One kind is Bridgecrane: A cranebridge moves forward/backward. The trolley on top of the bridge moves right/left. The lift (cable or telescope) scales and moves up and down. The gear changes between different gearing parts. In the case of container-gear it scales to different container dimensions. The parenting hierarchy looks like: crane -> trolley -> lift -> gear.
The following parameters are usable under the premises that the local direction axes of the crane parts in its basic positions are same directions:
- The cranes parameters
Moving space of the crane in y-direction of the crane (ymovecranemin;ymovecranemax) (crane-local) and it's zero position (xcranezero;ycranezero) (world-local or attach-point-local).
- The trolleys parameters
Moving space of the trolley in x-direction of the crane (xmovetrolleymin;xmovetrolleymax) (crane-local) and it's zero position (xtrolleyzero;ytrolleyzero) (crane-local)
- The lifts parameters
Moving space of the lifthead in z-direction of the lift (zmoveliftmin;zmoveliftmax) (trolley-local) and it's scaling space in z-direction of the lift (zscaleliftmin;zscaleliftmax) and it's zero position (x,y) and zeroscale (z) (xliftzero;yliftzero;zliftzero) (trolley-local)
- The gears parameters
Rotating space of the gear around its z-direction (zrotgearmin;zrotgearmax) (gear-local) and it's gear hookpoint (xhookgear;yhookgear;zhookgear) (gear-local) and it's gear scales list [yscalegear10ft;yscalegear20ft;yscalegear40ft;yscalegear45ft] and the gears zero position (z) (zgearzero) (lift-local)
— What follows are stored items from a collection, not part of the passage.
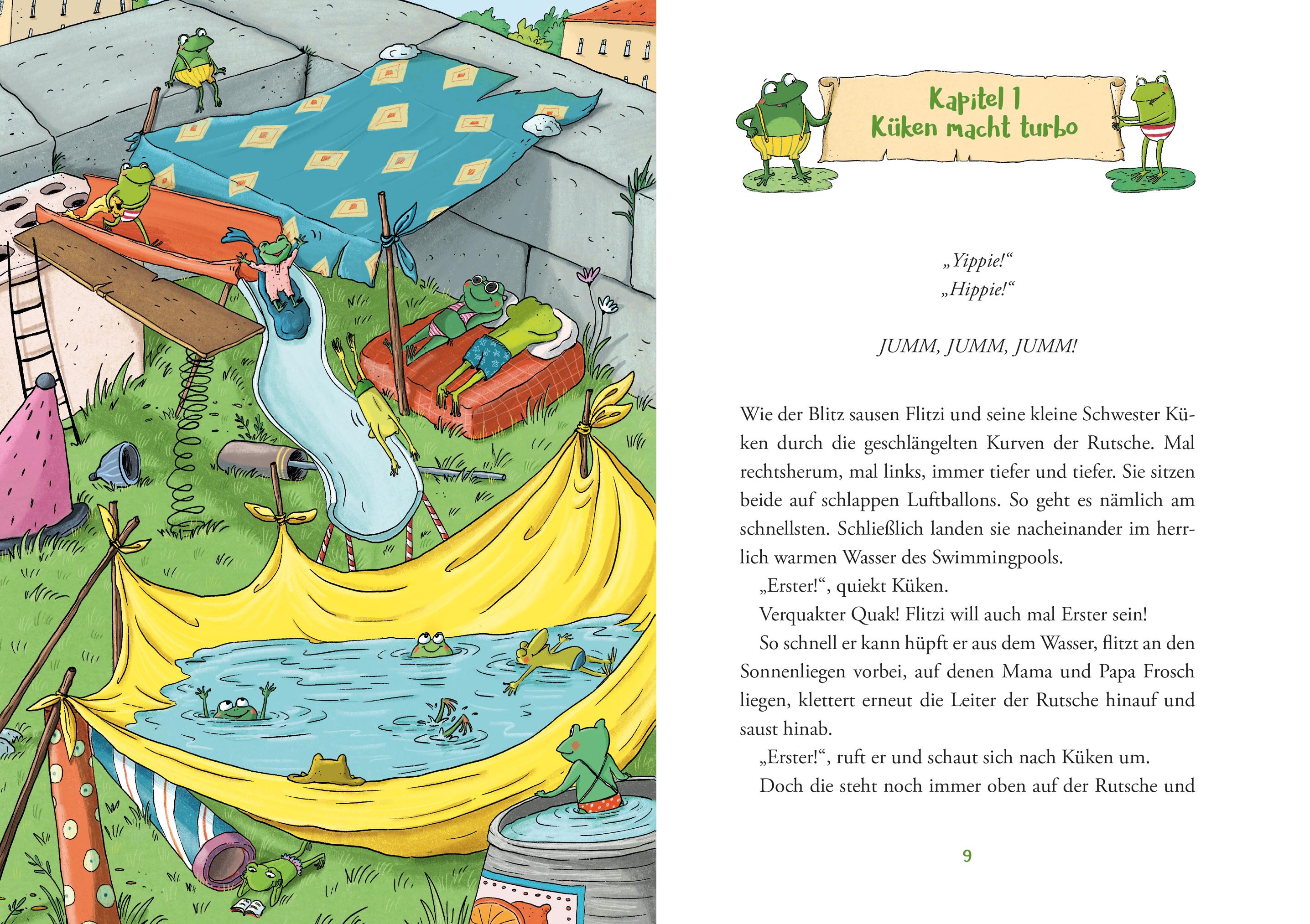 Das Leben der Froschfamilie könnte nicht schöner sein. Sie leben in der Stadt auf einem Hochhausdach und genießen den Sommer in vollen Zügen. Doch plötzlich wird Küken, die kleine Schwester von Fauli und Flitzi, so durch die Luft gewirbelt, dass sie auf einem komischen Vogel landet. Und schwups, ist sie weg. Die beiden Frösche machen sich sofort auf die Suche nach Küken. Dabei lernen sie die verschiedensten Tiere kennen. So helfen sie einem Igel, der in einer Schlange feststeckt, und sie bringen zwei Fische wieder zusammen, die sich nach dem Versteckspiel nicht mehr gefunden haben. Am Ende finden sie Küken. Doch können sie ihr aus ihrer verzwickten Lage helfen? Oder wird sie am Ende doch noch von dem Flattermax, der sich als Storch entpuppt, gefressen? – Eine lustige und vielseitige Geschichte zweier Froschbrüder, die zuvor ihr Hochhausdach nie verlassen haben. Sie lernen die Welt mit all ihren Tieren kennen. Lustig sind u.a. die Namen, die sie sich für die Tiere überlegen. So sind zwei Kaninchen die Ohrenflitzer und die Eule ist das Federwesen. Die beiden haben eine herrlich pragmatische Sicht auf die Dinge. Das Buch kann man sehr empfehlen – sowohl als Vorlesebuch als auch für Kinder ab 8 Jahren zum Selberlesen.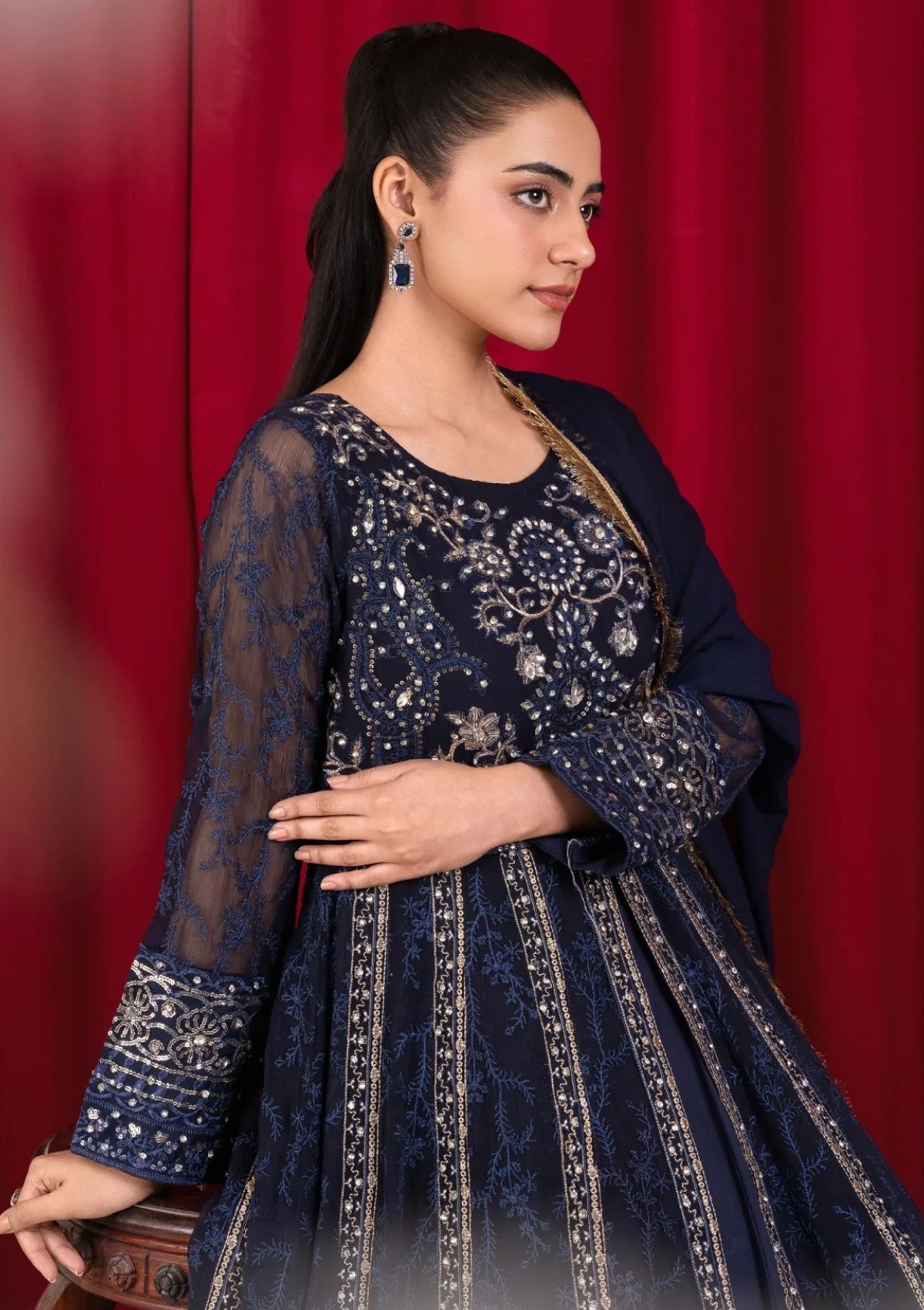 There is exquisite embroidery work in vertical patterns, which exudes grace and elegance, is a marvel of craftsmanship and design. The designer's exquisite use of the zari, Sitara, stone work , and sequin embroidery technique enhances this lovely dress. A gorgeous chiffon dupatta with a kiran lace border completes the ensemble. Make use of Mona Embroidery to showcase your individual style and embrace it.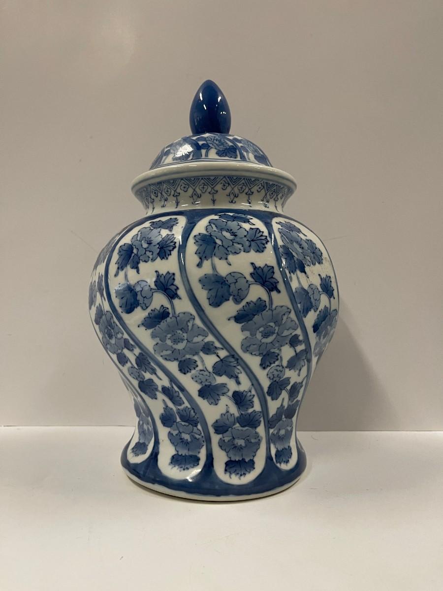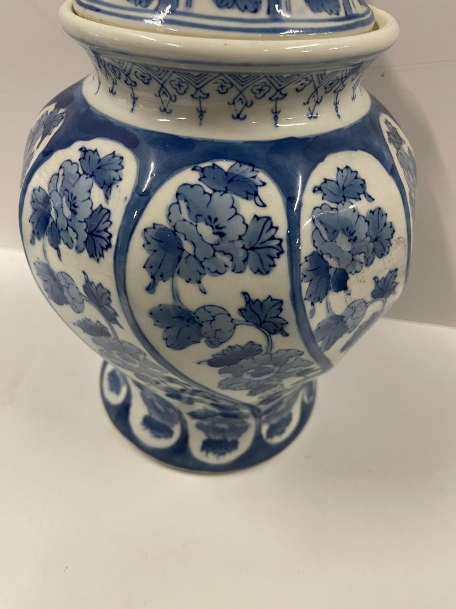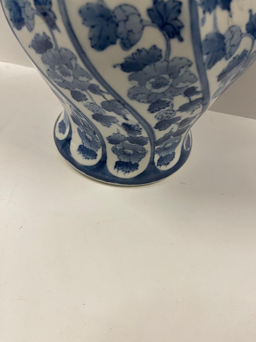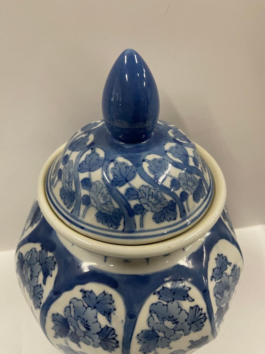 Blue and white porcelain ginger jar. Has floral motif. Very good condition, no chips, cracks or repairs. 12/4" to top of finial.

The liftheads position may be computed from the lifts scale with the rule of three.
The crane's zero position should be the crane's origin or if the crane is part of an object its attachment-points location.
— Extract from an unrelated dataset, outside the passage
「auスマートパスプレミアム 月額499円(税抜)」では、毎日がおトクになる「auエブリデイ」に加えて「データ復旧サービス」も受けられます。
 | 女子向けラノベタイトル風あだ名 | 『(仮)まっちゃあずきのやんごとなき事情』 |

The meshes of the lift-gear-pairs may have different attributes, meshes and animations for other kinds of gears. This should be discussed too.
Other kind is Boomcrane: Of course the boom crane may be moveable or not. The hook space is relative to the boom crane's world position. The world position is found in existing attributes. The gyrepoint of the crane's pylon may be somewhat movable on the chassis too. So I decided to add this too. The cranes boom at top of the cranes pylon rotates around the pylons gyrepoint. The crane's boom scales somewide. The gear moves perpendicular up and down from the top of the boom with the help of the lift (mostly a cable, but e.g. a kalmar doesn't have a lift). The parenting hierarchy looks like:
crane(chassis) -> pylon -> boom -> lift -> gear.
The local direction axes of the crane parts shell fit the following: The axes of chassis, gyrepoint, boom, lift and gear are same directed. That means that the pylons rotation is around its z-axis and the booms up and down are rotating around its x-axis. That means too that the lift is rotating v.v. to stay perpendicular.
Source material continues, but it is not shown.